(Records from a data source)
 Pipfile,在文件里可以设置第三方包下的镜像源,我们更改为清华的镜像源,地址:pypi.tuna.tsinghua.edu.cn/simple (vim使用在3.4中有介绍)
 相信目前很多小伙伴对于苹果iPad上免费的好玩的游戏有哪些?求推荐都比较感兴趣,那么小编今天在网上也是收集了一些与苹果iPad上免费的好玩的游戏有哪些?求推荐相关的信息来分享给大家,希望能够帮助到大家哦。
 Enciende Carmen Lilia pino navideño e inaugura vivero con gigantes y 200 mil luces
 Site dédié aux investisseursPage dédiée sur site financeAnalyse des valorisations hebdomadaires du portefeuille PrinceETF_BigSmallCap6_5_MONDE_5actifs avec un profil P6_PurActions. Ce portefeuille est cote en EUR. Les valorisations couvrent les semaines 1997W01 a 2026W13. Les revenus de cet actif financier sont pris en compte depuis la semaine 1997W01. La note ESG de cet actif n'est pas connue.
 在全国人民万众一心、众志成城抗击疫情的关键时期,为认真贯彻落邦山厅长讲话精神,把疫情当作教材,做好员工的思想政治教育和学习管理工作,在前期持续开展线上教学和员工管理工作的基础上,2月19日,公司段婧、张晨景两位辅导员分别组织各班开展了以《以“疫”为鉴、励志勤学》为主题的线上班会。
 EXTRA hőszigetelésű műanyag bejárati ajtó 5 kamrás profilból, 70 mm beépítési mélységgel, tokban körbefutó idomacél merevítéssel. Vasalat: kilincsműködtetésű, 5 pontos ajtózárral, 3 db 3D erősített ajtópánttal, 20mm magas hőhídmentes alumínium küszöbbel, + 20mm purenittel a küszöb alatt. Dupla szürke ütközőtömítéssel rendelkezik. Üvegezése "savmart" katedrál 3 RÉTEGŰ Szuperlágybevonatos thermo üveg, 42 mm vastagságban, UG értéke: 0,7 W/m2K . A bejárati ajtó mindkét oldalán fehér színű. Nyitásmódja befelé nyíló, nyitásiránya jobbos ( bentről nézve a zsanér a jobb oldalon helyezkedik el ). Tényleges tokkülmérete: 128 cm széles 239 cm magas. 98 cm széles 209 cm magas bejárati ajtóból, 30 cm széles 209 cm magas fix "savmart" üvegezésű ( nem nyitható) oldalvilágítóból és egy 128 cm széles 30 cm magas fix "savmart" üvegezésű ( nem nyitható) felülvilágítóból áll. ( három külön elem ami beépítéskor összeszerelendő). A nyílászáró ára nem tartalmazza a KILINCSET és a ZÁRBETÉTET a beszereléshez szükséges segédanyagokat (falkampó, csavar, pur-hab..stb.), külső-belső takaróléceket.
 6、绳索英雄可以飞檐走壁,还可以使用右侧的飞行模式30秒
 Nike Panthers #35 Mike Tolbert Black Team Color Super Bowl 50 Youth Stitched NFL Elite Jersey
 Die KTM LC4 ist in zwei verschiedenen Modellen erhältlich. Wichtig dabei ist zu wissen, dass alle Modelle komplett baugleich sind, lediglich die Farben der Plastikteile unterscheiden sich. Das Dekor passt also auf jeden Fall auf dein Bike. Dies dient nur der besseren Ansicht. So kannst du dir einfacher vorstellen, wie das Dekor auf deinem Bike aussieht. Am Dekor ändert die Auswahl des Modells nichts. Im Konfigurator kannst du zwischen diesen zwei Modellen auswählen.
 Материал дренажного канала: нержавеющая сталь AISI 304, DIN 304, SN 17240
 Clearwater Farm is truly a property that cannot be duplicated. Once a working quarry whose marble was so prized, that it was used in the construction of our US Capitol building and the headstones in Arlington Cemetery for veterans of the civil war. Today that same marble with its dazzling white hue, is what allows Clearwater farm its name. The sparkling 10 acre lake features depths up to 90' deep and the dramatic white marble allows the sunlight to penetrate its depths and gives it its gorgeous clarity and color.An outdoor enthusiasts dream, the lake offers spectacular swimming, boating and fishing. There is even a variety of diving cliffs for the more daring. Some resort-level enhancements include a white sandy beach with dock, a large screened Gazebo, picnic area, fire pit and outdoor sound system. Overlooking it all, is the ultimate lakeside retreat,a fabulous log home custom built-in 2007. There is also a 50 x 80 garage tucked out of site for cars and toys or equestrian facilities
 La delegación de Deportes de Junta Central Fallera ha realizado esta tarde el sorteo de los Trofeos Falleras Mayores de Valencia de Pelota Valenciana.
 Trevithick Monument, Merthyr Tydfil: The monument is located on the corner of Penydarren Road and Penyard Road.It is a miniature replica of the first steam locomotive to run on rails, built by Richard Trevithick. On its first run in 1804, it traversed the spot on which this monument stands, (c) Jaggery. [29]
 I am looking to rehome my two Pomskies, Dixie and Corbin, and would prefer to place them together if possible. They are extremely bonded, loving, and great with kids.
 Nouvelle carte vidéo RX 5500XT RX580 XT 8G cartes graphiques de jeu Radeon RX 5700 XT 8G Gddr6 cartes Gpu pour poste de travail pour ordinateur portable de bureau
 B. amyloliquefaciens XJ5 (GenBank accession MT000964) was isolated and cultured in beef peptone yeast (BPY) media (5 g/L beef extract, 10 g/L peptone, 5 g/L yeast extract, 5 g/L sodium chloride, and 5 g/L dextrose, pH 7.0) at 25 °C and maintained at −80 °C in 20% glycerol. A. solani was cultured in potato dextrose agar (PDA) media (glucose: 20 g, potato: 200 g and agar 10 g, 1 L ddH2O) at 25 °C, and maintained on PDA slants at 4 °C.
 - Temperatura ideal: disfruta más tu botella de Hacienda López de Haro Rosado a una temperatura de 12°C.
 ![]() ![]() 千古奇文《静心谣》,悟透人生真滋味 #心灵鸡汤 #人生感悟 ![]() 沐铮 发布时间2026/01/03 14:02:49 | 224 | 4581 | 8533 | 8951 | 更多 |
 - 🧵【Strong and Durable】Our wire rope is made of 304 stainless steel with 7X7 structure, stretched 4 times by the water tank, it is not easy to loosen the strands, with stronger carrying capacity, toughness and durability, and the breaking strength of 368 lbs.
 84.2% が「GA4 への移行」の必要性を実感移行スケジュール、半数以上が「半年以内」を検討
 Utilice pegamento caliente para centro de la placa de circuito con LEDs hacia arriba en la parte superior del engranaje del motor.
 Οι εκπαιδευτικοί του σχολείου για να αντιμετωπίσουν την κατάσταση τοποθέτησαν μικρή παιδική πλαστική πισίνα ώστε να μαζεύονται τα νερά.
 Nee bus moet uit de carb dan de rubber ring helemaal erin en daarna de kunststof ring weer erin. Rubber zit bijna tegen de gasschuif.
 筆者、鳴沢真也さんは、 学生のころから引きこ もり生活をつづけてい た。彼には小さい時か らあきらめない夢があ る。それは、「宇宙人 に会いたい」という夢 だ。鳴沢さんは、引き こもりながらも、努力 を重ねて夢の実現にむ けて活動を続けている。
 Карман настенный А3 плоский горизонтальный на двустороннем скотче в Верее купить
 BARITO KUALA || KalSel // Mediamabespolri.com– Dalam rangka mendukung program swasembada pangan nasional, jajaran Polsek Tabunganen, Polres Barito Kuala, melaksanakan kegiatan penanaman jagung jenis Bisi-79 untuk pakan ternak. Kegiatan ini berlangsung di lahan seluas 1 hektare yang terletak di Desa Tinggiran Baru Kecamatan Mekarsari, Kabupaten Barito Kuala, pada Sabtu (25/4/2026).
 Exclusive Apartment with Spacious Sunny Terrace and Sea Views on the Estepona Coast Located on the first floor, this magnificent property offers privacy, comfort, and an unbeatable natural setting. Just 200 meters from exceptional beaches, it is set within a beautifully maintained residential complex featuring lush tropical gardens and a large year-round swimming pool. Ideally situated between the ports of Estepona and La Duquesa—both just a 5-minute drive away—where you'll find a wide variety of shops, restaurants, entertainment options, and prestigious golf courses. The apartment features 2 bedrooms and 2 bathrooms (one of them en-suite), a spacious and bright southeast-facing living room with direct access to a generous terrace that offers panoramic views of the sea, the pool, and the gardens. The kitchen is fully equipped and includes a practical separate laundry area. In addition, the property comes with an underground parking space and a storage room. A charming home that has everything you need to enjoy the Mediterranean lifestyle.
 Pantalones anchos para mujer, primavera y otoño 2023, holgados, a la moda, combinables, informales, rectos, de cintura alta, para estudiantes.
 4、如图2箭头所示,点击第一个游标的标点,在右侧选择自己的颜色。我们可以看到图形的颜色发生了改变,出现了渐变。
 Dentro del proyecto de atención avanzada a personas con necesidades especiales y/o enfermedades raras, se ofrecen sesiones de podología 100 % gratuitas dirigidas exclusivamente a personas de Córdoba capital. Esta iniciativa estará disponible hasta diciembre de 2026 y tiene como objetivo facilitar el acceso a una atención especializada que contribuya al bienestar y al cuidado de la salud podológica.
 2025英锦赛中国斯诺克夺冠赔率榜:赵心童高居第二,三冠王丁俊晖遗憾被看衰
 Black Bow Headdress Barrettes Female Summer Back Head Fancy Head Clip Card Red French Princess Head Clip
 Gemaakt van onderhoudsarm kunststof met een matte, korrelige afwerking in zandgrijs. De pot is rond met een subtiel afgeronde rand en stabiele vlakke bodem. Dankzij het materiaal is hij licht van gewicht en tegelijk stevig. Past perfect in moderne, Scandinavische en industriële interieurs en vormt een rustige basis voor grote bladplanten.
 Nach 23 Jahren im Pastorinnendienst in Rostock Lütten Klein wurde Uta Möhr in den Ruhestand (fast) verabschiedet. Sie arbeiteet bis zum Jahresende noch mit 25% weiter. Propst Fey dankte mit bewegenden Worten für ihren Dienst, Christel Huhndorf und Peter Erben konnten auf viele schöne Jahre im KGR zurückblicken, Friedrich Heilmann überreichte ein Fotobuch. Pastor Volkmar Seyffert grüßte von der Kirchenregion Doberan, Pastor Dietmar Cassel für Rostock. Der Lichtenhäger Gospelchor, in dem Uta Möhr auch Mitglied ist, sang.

Task
Whenever "kunststof" occurs in a line of the entries, copy that line.

Answer space
 Nee bus moet uit de carb dan de rubber ring helemaal erin en daarna de kunststof ring weer erin. Rubber zit bijna tegen de gasschuif.
 Gemaakt van onderhoudsarm kunststof met een matte, korrelige afwerking in zandgrijs. De pot is rond met een subtiel afgeronde rand en stabiele vlakke bodem. Dankzij het materiaal is hij licht van gewicht en tegelijk stevig. Past perfect in moderne, Scandinavische en industriële interieurs en vormt een rustige basis voor grote bladplanten.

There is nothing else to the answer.